*Instructions for the task:* In the material below, find the line containing "A large proportion" and output it and all lines after it exactly, through the last one, without the pictures.

- - - -

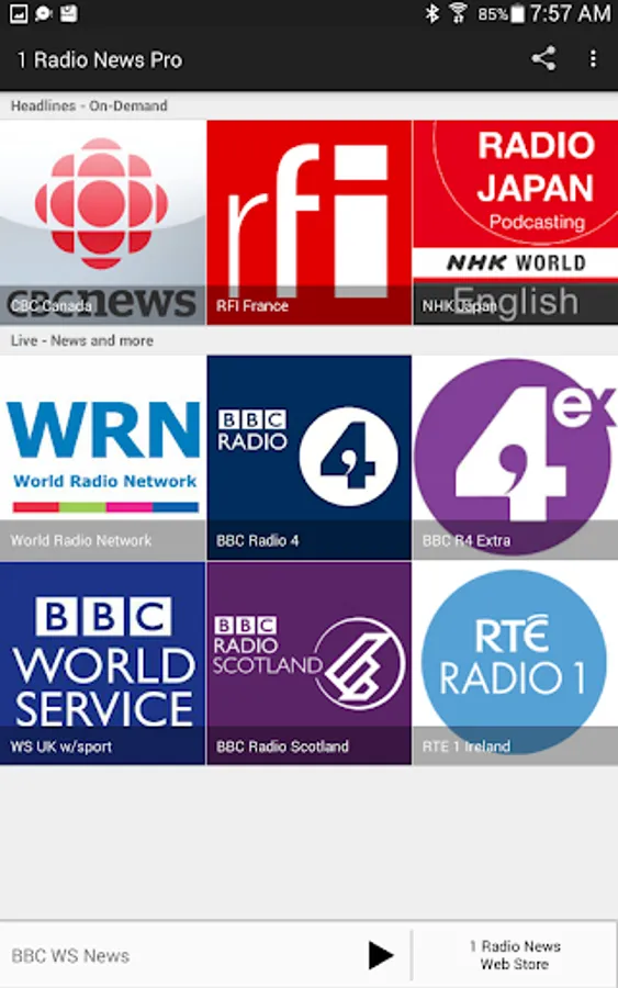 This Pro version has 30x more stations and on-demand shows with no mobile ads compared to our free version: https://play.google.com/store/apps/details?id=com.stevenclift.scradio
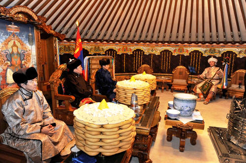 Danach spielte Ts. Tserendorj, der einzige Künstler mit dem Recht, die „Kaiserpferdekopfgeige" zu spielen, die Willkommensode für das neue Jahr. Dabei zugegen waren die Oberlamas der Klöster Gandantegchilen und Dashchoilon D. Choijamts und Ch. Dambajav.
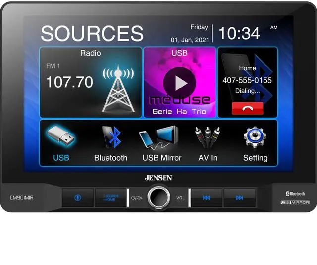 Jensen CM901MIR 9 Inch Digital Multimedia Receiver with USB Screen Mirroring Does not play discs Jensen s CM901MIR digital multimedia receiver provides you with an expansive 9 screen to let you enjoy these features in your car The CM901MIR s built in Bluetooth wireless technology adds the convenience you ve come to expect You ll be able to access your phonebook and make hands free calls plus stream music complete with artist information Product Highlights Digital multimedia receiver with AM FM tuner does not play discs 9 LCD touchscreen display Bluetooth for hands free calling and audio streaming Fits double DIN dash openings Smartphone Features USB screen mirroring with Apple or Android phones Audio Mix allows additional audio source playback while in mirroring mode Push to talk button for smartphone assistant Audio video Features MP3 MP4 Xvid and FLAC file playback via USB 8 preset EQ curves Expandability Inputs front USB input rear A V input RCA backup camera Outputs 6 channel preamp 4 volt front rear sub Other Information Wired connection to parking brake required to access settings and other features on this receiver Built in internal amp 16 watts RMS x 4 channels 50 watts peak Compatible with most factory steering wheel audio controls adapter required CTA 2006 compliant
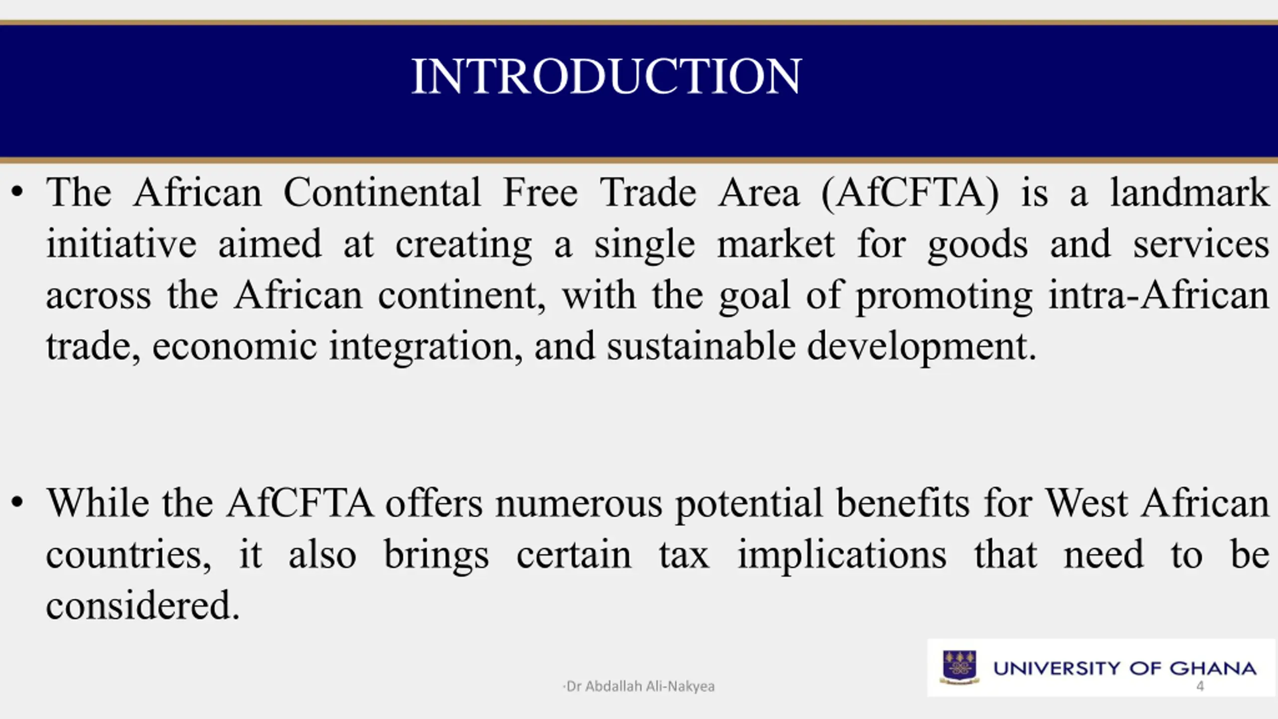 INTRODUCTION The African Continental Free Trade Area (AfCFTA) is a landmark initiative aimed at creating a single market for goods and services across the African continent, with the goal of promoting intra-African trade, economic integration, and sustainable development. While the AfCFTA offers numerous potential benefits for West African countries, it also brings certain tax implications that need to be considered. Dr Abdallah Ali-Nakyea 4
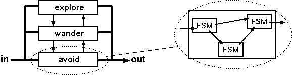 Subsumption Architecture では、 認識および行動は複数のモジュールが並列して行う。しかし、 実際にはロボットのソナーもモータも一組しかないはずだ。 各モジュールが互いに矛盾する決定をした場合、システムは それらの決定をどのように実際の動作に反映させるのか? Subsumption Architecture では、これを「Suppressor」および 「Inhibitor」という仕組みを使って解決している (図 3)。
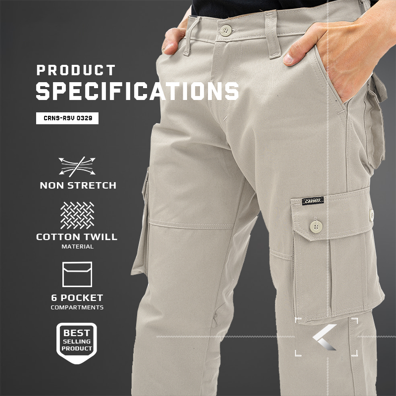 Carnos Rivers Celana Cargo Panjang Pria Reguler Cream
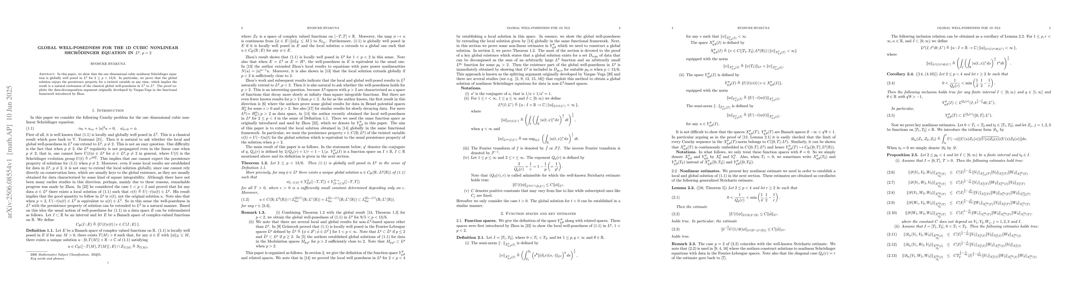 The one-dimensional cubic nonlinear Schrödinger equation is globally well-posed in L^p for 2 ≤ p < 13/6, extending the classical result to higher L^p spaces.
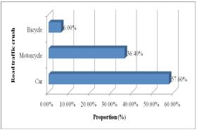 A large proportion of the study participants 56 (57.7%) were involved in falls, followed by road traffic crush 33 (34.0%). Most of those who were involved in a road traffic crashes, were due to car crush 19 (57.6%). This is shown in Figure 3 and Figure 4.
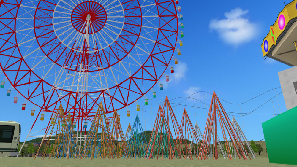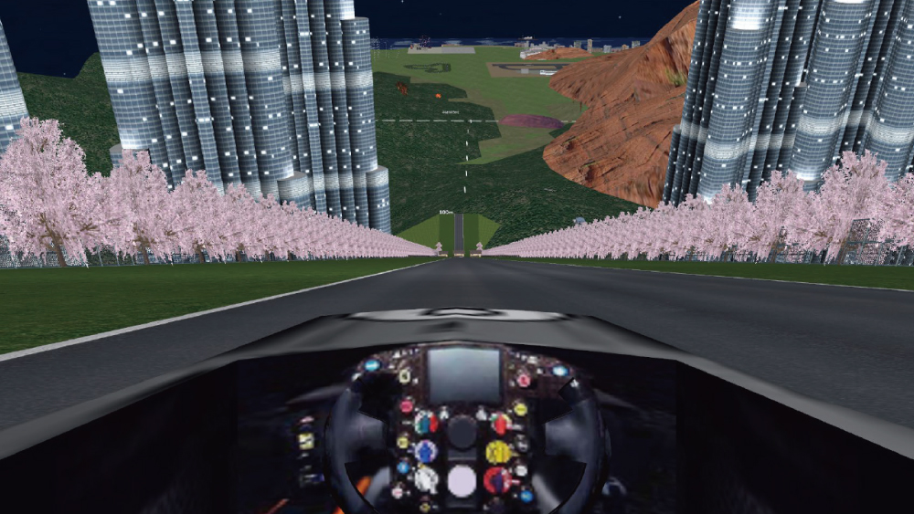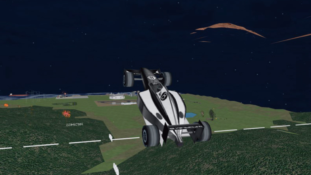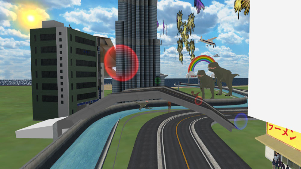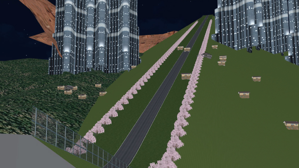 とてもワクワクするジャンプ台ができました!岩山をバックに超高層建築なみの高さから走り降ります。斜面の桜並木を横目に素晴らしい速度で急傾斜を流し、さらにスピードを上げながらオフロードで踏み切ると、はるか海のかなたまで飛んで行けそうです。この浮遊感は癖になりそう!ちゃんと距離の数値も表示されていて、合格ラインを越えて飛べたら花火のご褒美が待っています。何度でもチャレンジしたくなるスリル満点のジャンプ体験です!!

- - - -

*Output below:*
 A large proportion of the study participants 56 (57.7%) were involved in falls, followed by road traffic crush 33 (34.0%). Most of those who were involved in a road traffic crashes, were due to car crush 19 (57.6%). This is shown in Figure 3 and Figure 4.
 とてもワクワクするジャンプ台ができました!岩山をバックに超高層建築なみの高さから走り降ります。斜面の桜並木を横目に素晴らしい速度で急傾斜を流し、さらにスピードを上げながらオフロードで踏み切ると、はるか海のかなたまで飛んで行けそうです。この浮遊感は癖になりそう!ちゃんと距離の数値も表示されていて、合格ラインを越えて飛べたら花火のご褒美が待っています。何度でもチャレンジしたくなるスリル満点のジャンプ体験です!!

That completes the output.